EXCERPTED RECORDS
******

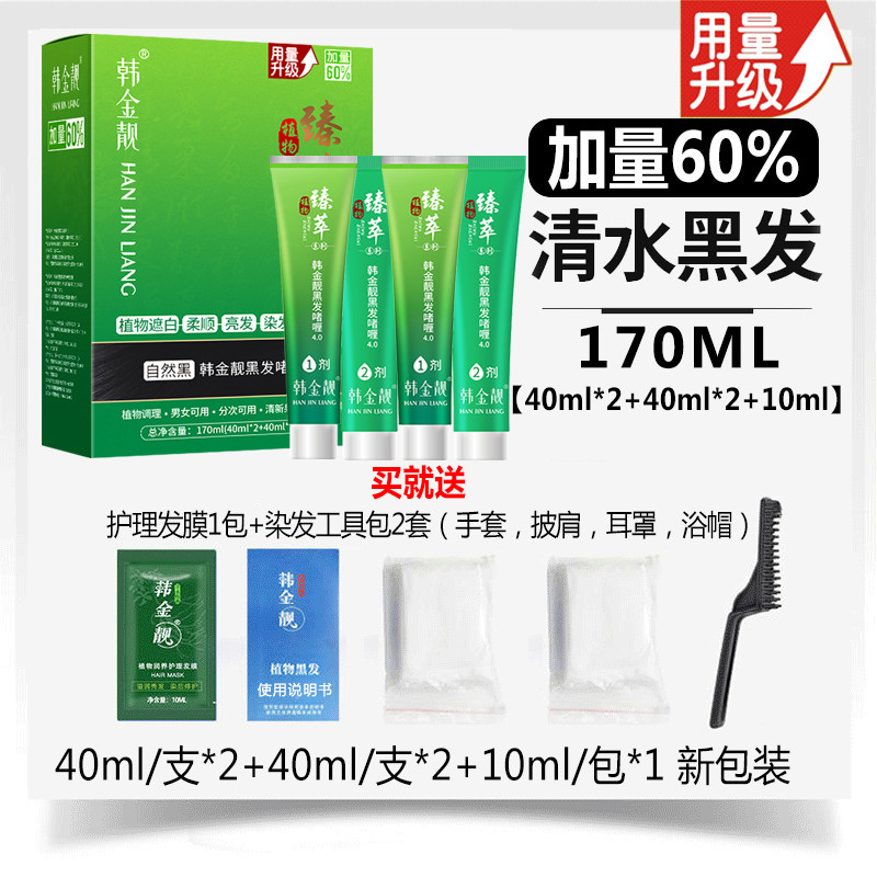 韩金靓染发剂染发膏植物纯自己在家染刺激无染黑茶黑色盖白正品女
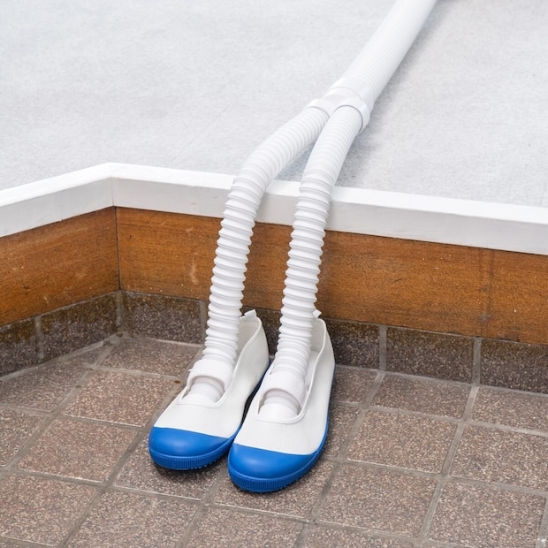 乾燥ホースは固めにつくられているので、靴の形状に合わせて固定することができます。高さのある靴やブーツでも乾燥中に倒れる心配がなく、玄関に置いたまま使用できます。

******

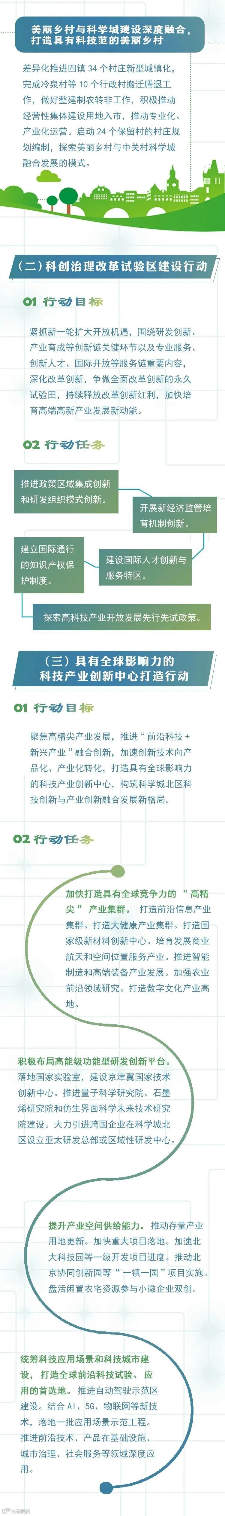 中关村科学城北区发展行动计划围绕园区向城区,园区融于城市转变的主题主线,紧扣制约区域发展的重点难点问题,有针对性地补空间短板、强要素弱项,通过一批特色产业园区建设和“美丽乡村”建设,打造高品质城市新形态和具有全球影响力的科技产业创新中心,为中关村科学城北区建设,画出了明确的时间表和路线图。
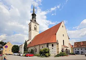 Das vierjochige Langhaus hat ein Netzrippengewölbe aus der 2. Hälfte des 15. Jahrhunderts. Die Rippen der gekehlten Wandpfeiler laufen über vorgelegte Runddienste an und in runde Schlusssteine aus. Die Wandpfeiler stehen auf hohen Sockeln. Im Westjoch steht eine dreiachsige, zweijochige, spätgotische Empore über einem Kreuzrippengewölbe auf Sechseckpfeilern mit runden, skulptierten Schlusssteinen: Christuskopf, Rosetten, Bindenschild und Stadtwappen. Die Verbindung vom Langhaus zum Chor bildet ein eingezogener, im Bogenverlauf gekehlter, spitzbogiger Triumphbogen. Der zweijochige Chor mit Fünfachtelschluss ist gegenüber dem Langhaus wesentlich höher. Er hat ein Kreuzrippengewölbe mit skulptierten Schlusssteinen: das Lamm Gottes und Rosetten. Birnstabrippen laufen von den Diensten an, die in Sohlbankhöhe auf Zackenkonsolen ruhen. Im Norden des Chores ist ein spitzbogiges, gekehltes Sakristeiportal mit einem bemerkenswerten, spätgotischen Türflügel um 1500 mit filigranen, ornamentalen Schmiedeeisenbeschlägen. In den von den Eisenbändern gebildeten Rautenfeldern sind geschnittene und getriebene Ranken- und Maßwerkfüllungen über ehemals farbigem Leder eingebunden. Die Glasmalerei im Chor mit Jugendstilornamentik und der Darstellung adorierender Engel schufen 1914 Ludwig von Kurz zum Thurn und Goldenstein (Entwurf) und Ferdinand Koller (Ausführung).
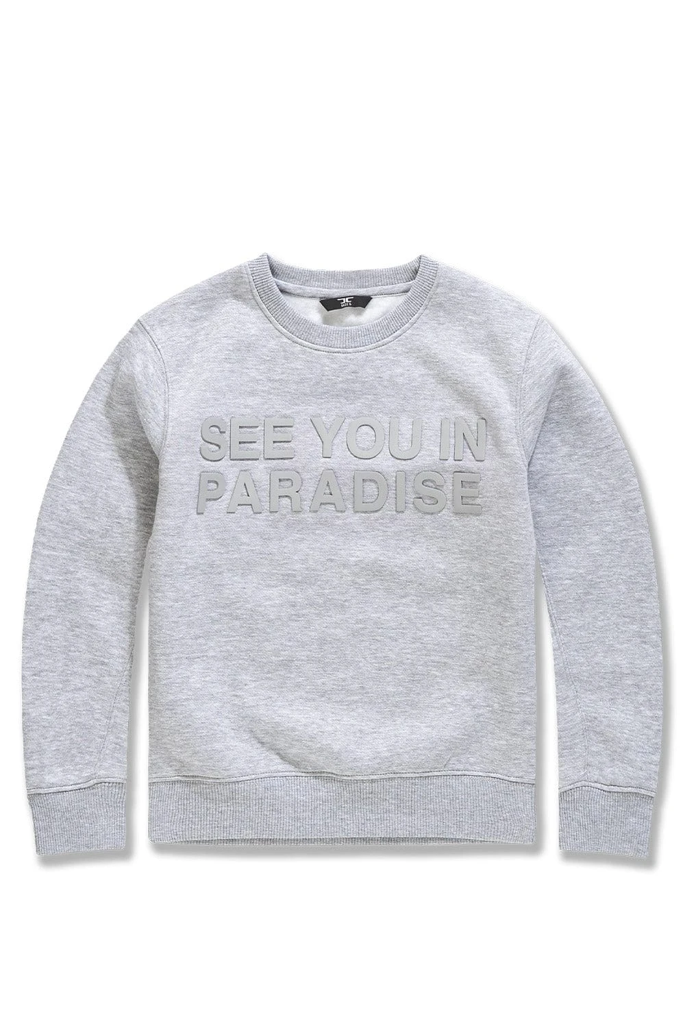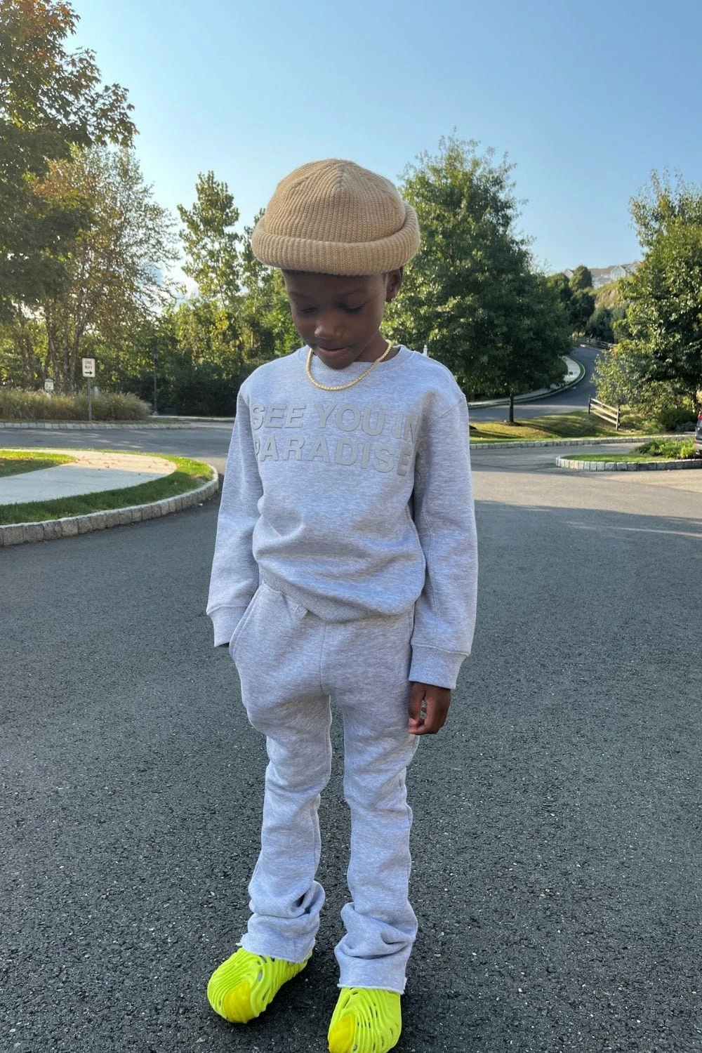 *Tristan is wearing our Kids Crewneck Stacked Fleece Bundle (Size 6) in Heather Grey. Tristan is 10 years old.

******

EXERCISE
Please return the material above only from the line that holds "韩金靓染发剂染发膏植物纯自己在家染刺激无染黑茶黑色盖白正品女" through the line that holds "乾燥ホースは固めにつくられて", exactly as it stands, ends included and pictures omitted.

RESPONSE BOX
 韩金靓染发剂染发膏植物纯自己在家染刺激无染黑茶黑色盖白正品女
 乾燥ホースは固めにつくられているので、靴の形状に合わせて固定することができます。高さのある靴やブーツでも乾燥中に倒れる心配がなく、玄関に置いたまま使用できます。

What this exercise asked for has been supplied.